The Congressional Notification states 35 soldiers examined by the accused physician were interviewed by criminal investigators, but does not clarify the physician’s role beyond performing Integrated Disability Evaluation System (IDES) examinations of active duty servicemembers leaving the military through a joint process of the Departments of Defense and Veterans Affairs.  Did Dr. Cuyler see other patients—active duty or veteran—during his employment with the Department of Veterans Affairs?  If so, were these patients interviewed by criminal investigators or otherwise made aware of the alleged sexual misconduct on Dr. Cuyler’s behalf? 

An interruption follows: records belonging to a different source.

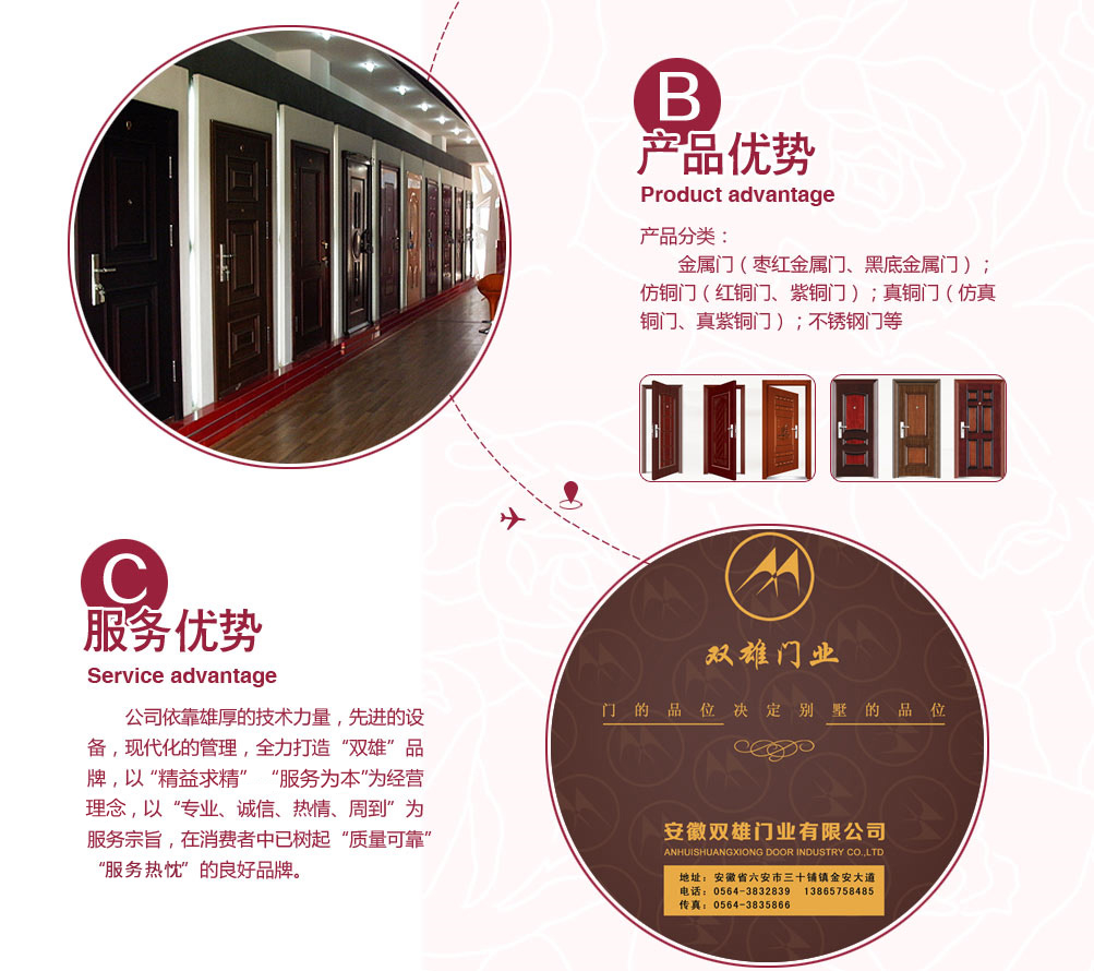 安徽六安雙雄門業(yè)有限公司成立于2006年,是一家專業(yè)從事鋼質(zhì)門,天然實(shí)木門為一體的現(xiàn)代企業(yè),公司擁有先進(jìn)的機(jī)械設(shè)備和專業(yè)的技術(shù)人員,以科技為依托,以市場(chǎng)需求為導(dǎo)向,大膽創(chuàng)新追求更好,全身致力于提高門業(yè)裝飾水平。公司擁有先進(jìn)的機(jī)械設(shè)備和專業(yè)的技術(shù)人員,以科技為依托,以市場(chǎng)需求為導(dǎo)向,全力打造“雙雄”品牌門!產(chǎn)品種類繁多:金屬門(棗紅金屬門、黑底金屬門);仿銅門(紅銅門、紫銅門);真銅門(仿真銅門、真紫銅門);不銹鋼門等。公司依靠雄厚的技術(shù)力量,先進(jìn)的設(shè)備,現(xiàn)代化的管理,全力打造“雙雄”品牌,以“精益求精”“服務(wù)為先”為經(jīng)營(yíng)理念,以“專業(yè)、誠(chéng)信、熱情、周到”為服務(wù)宗旨,在消費(fèi)者中已樹起良好企業(yè)形象。
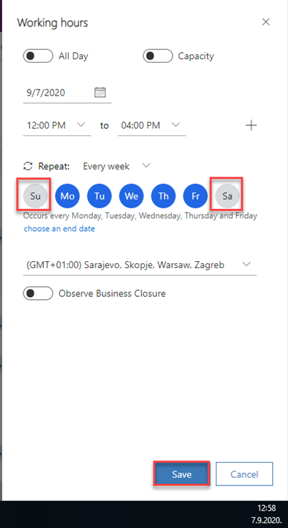 Now, Let’s say that Tim will work from 12:00 PM to 04:00 PM every day. To change his calendar (e.g. Working Hours), I will follow next steps:
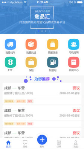 危品汇是一家专业的危化品物流行业交易平台。危品汇为用户提供车货市场、物流管理、信息咨询、供应链金融等功能的一站式物流解决方案,致力于解决危化品物流行业中存在的信息不对称、交易环节不透明、物流配送不可控、信用机制不健全等问题。
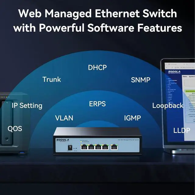 Comprehensive Managed FeaturesThis 10g switch comes with robust management capabilities, including LACP, storm control, port mirroring, VLAN management, MAC address filtering, spanning tree protocol, multicast, QoS, DHCP snooping, SNMP, RSTP and more. Ideal for enhanced network control and monitoring.(Note: Please set an IP address via IPV4 first before logging in to this switch.)
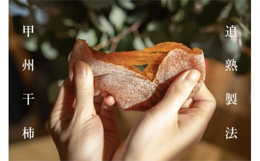 渋柿は甘柿よりも糖度が高く、甲州百目柿の大きさと食感は別格です。そんな甲州百目柿のポテンシャルを最大限に引き出すために、干すという工程よりも追熟させることにこだわり、失敗に失敗を重ね独自の製法にたどり着きました。是非これを機会に私たちの自慢の逸品をお楽しみください。
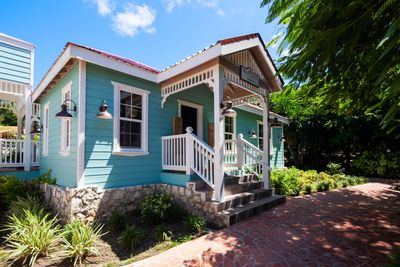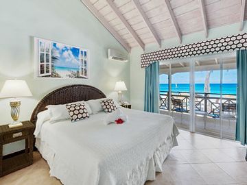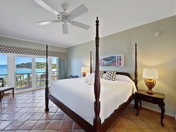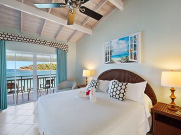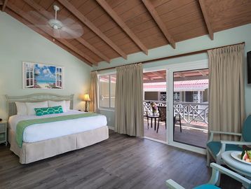 Two-story building boasts one-bedroom waterside rooms furnished with a king bed. Rooms have showers only. All rooms on 1st and 2nd floors have large private patios/balconies with a spectacular view of the ocean and Long Bay beach. 310 sq. ft. Occupancy: 2

The Congressional Notification states that although Dr. Cuyler is licensed to practice medicine in the State of New York, he was not “reported to the New York State Licensing Board in connection with this matter…the VA OIG and the U.S. Attorney’s Office asked the Syracuse VAMC to stand down with respect to initiating the process to report the physician to the New York State Licensing Board.”  The Notification cites “due process requirements to initiate the reporting process that would have interfered with the ongoing criminal investigation.”  I am deeply concerned that despite concrete allegations of sexual misconduct, the physician in question retained his ability to practice medicine in a non-VA setting during this time—endangering New Yorkers in the region.  To the VA’s knowledge, did Dr. Cuyler practice medicine on non-VA patients during the course of this investigation?  Is he currently licensed with the New York State Licensing Board to practice medicine? 

What procedures are in place for patients to notify clinic leadership of sexual misconduct?  Were the servicemembers aware/informed of proper procedures by the VA to file complaints of this nature—or did they work around the system, on their own, to bring this matter to relevant officials?  Has the Syracuse VAMC enacted any new measures in the aftermath of this matter to ensure the safety of servicemembers and veterans? 

I request a thorough written reply addressing these questions no later than Friday, April 26, 2018.  Restoring trust in the Syracuse VA Medical Center requires an honest and transparent accounting of this matter.  The termination of Dr. Cuyler’s employment and referral of this matter to authorities are important steps toward accountability.  Watertown patients and community members, though, are owed additional details on the VA’s internal decision-making process and a more complete timeline of events.  Our servicemembers and veterans deserve the absolute best healthcare and should never have to worry about sexual misconduct by medical providers.  Thank you for your attention to this matter.